Start the copy at the line containing "(2)重要股东增减持(A股整" and run it through the last line of the records. Repeat each line exactly; omit pictures.

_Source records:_

━━━━

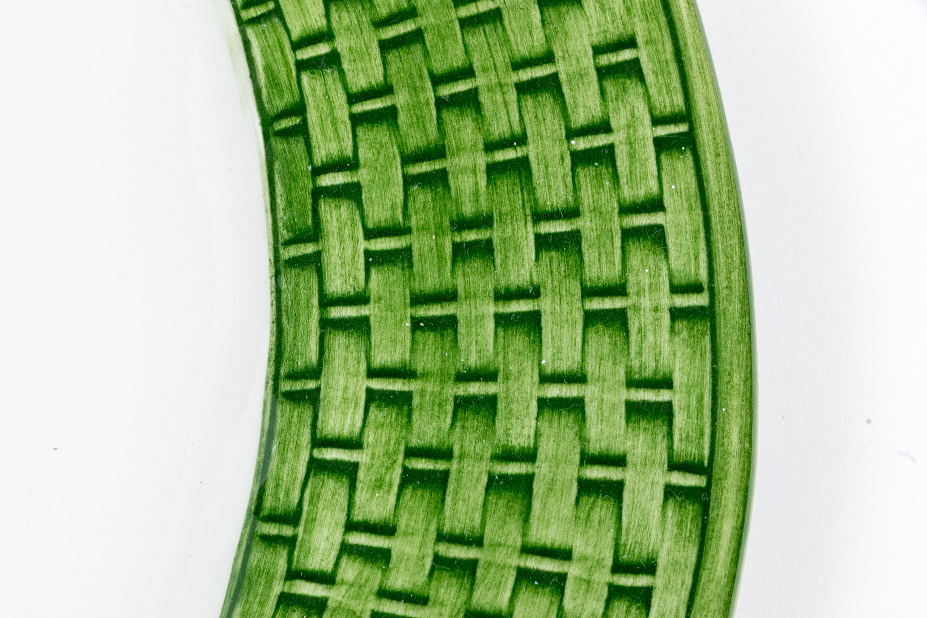Wonderful moulded and green finished faux basket weave motif to the rim.
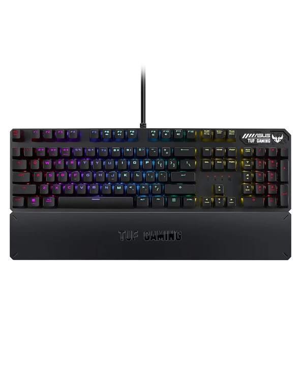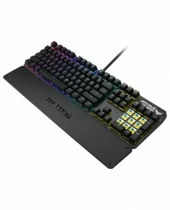 ASUS TUF Gaming K3. Facteur de forme du clavier: Taille réelle (100 %), Interface de l’appareil: USB, Interrupteur à clé de clavier: Clavier mécanique. Type de rétro: LED RGB, Repose-poignets. Utilisation recommandée: Jouer. Couleur du produit: Gris
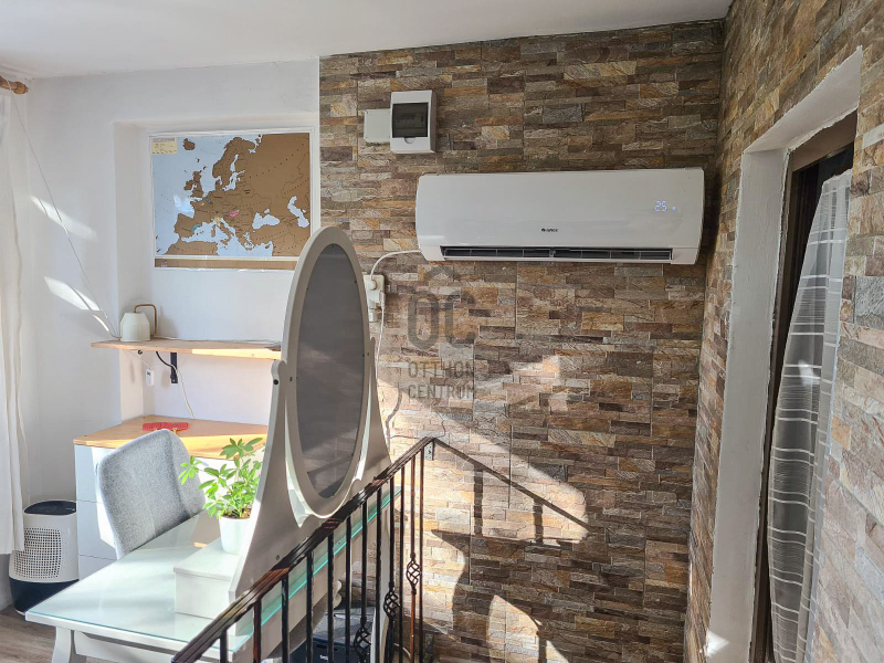 Fűtés: alsó szinten kandalló + hűtő-fűtő klíma, tetőtérben hűtő-fűtő klíma
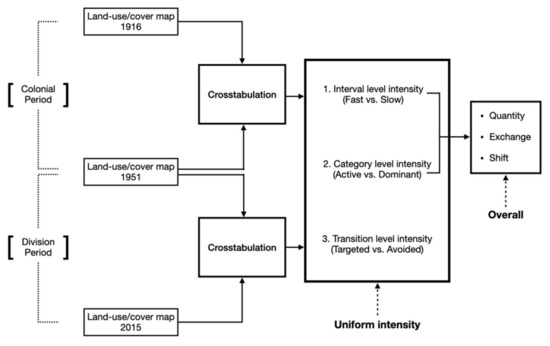 Intensity analyses allow researchers to identify LUCC at three different levels: (1) interval, (2) category, and (3) transition [25]. This assessment improves upon the typical change detection analysis, which identifies areas of change and no-change by comparing at least two land-cover maps from different points in time (i.e., two-way crosstabulation). Intensity analysis methodology does not only consider absolute change (area) but relative change (intensity) as well. Thus, when the three levels are explained in terms of both area and intensity, this framework allows for the acquisition of additional information. Once a measure of intensity is calculated, it is compared to an objective reference (i.e., uniform intensity) to indicate whether the corresponding LUCC is intensive or not [32]. That is, each level has at least one uniform intensity to conclude whether a LUCC is fast or slow (interval level), active or dormant (category level), and targeted or avoided (transition level). Our methodological flow is illustrated in Figure 3.
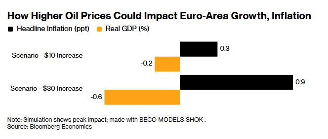 “The US-Israeli strike on Iran and Tehran’s retaliation have already sent oil toward $80 a barrel, from a pre-escalation average of $65,” Bloomberg economists Jamie Rush, Björn van Roye, and Ziad Daoud wrote. “European gas prices have also moved higher. Running these scenarios through our in-house economic model shows that CPI will be up and GDP down across major advanced economies, triggering conflicting impulses for central banks.”
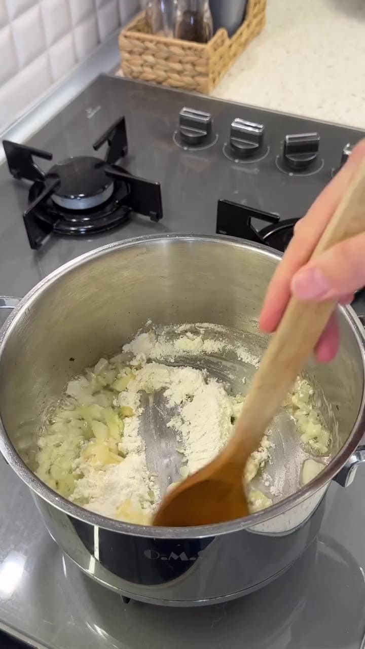 2. Add the flour to the onions. Stir constantly for 1-2 minutes until the flour smells nutty but hasn't changed color.
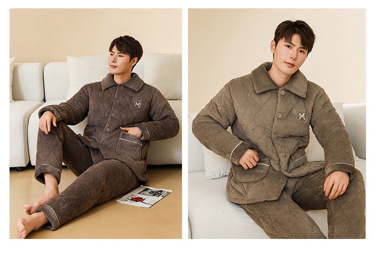 Bamanzi 남성 잠옷 겨울면 패딩 홈 의류 세트 밀크 벨벳 느슨한 간단한 바람 제조 업체 도매스토어 가기
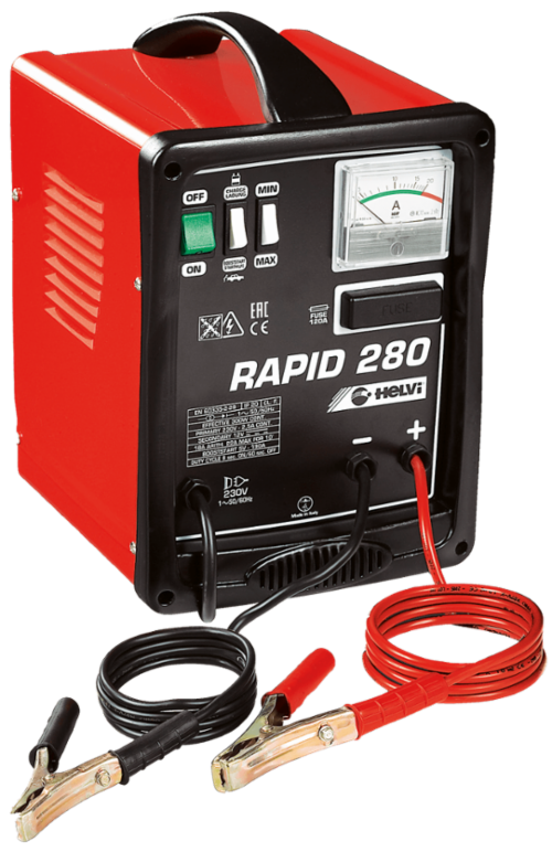 Chargeurs de batterie portatifs avec auxiliaire de démarrage. Dotés de sélecteur du courant de charge, d’ampèremètre, disjoncteur thermique contre les démarrages prolongés, fusible interne contre les courts-circuits et inversion de polarité.
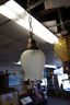 2 Vtg Spanish Brass Hanging Light Tulip Shaped Frosted Glass Shade Chandeleir
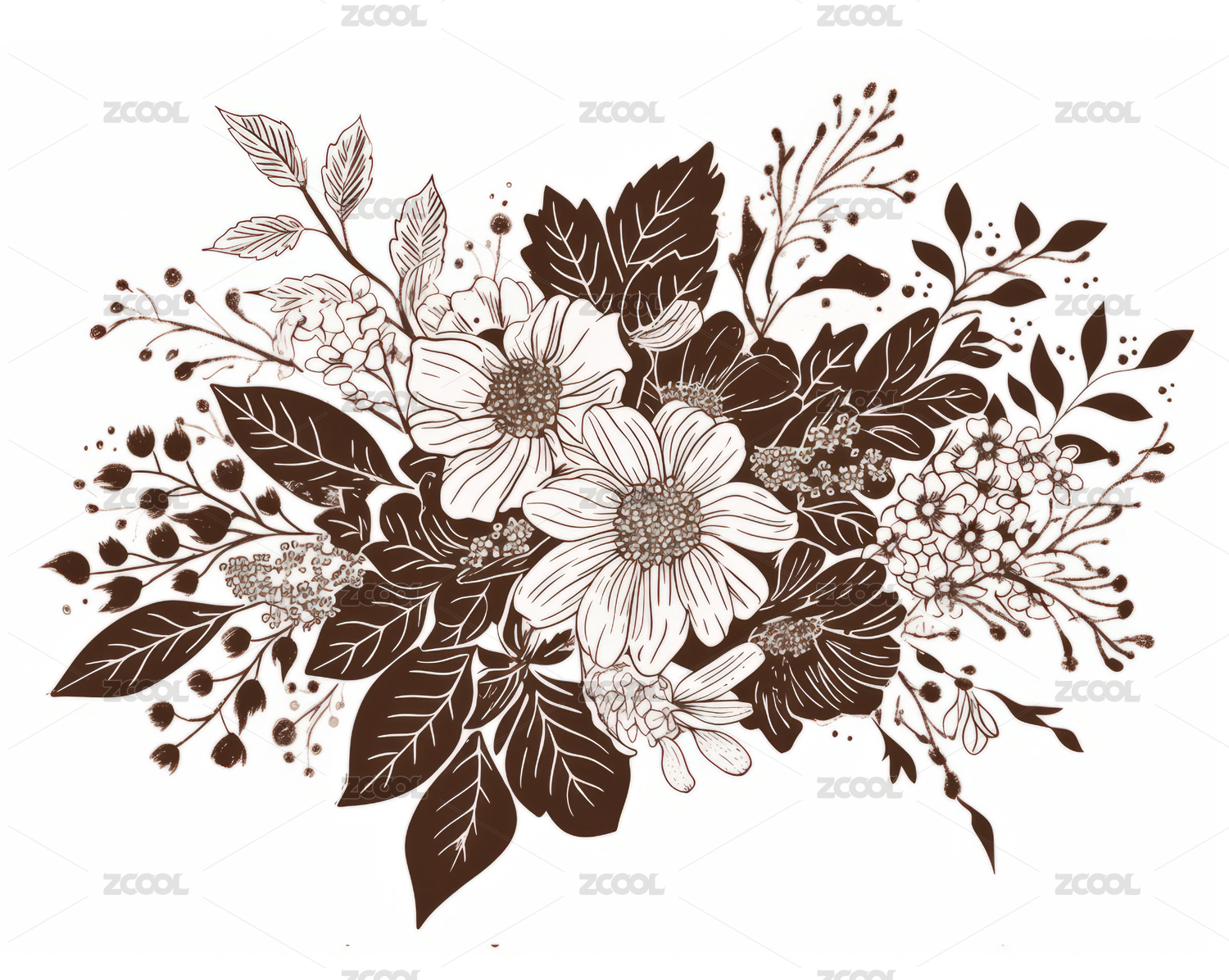 木刻版画线描花束
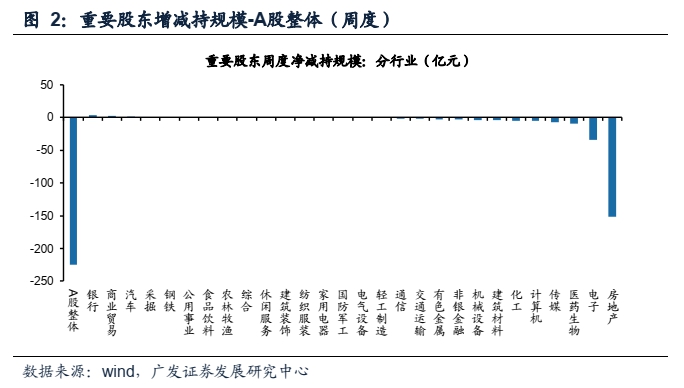 (2)重要股东增减持(A股整体):上周重要股东净减持约225亿元,前一周净减持约65亿元。其中银行、商贸、汽车等为净增持行业;减持规模前三为房地产、电子、医药生物。
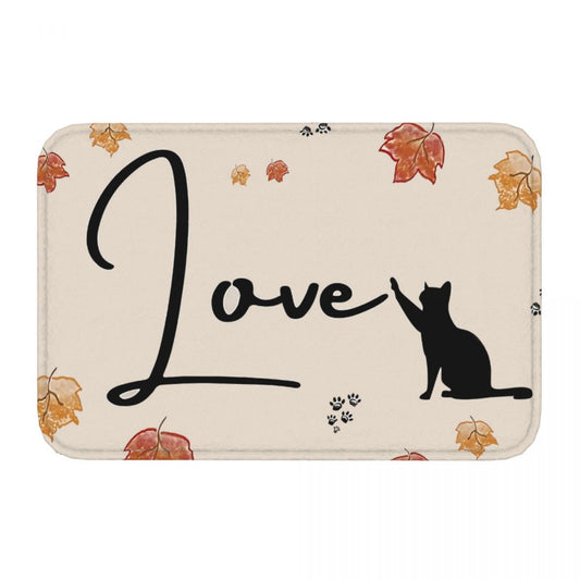 Spooky Black Cat Love Non-Slip Indoor Doormat | Halloween Welcome Mat | Fall Season Home Decor Rug | Feline Friends Living Room Carpet

━━━━

_Solved exercise:_
 (2)重要股东增减持(A股整体):上周重要股东净减持约225亿元,前一周净减持约65亿元。其中银行、商贸、汽车等为净增持行业;减持规模前三为房地产、电子、医药生物。
 Spooky Black Cat Love Non-Slip Indoor Doormat | Halloween Welcome Mat | Fall Season Home Decor Rug | Feline Friends Living Room Carpet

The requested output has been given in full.